How to cross the Torkham border from Afghanistan to Pakistan

How to cross the Torkham border from Afghanistan to Pakistan

Here's what you need to know to travel by road from Afghanistan to Pakistan, across the Torkham border.

This post is based on our experience crossing the Torkham border from Afghanistan to Pakistan in December 2023.

So, if you ever wondered how to cross the Torkham border from Afghanistan to Pakistan by road, then read on.

I’ve also written a story about what it was like to travel in Afghanistan.

Before you go

Make sure that you have a valid Pakistan visa and bring a printout of it with you.

The e-visa processing time is totally random. In our case this time it took three months, possibly because in the itinerary they asked for we mentioned southern Punjab and Sindh.
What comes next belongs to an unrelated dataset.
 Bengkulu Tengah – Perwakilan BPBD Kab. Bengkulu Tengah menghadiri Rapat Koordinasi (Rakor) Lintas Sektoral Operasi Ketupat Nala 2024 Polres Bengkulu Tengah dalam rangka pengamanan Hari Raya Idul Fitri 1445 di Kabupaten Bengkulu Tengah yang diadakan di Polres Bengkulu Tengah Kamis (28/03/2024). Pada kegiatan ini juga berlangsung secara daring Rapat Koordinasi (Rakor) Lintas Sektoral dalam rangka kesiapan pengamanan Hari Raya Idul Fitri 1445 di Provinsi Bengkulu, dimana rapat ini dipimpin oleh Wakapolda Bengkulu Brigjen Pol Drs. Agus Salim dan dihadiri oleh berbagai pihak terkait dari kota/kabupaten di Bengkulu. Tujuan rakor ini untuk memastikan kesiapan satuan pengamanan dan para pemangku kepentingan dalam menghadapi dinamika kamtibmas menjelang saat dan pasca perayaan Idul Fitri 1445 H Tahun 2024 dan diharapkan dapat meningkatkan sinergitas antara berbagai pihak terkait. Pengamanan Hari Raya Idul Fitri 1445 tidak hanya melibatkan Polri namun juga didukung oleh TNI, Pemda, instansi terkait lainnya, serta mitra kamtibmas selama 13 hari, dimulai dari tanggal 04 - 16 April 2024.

Not sure, but given the giant fuss they made when we actually showed up in southern Punjab and Sindh, I get the feeling that it might be a better idea to just stick with listing the more popular northern areas on the itinerary when applying for the visa. We’ve heard in many cases of it just taking a few days or a couple of weeks.

The last time we applied for this visa, in 2019, we supplied a random hotel booking which is all they asked for. Then they came back suddenly and wanted a letter of invitation so we had to buy that as well. Applying from your home country is recommended, since they will sometimes call you in for an interview at your home embassy. I guess if you were already on the road at that point you’d have to try and arrange the interview elsewhere, which apparently is best avoided if possible.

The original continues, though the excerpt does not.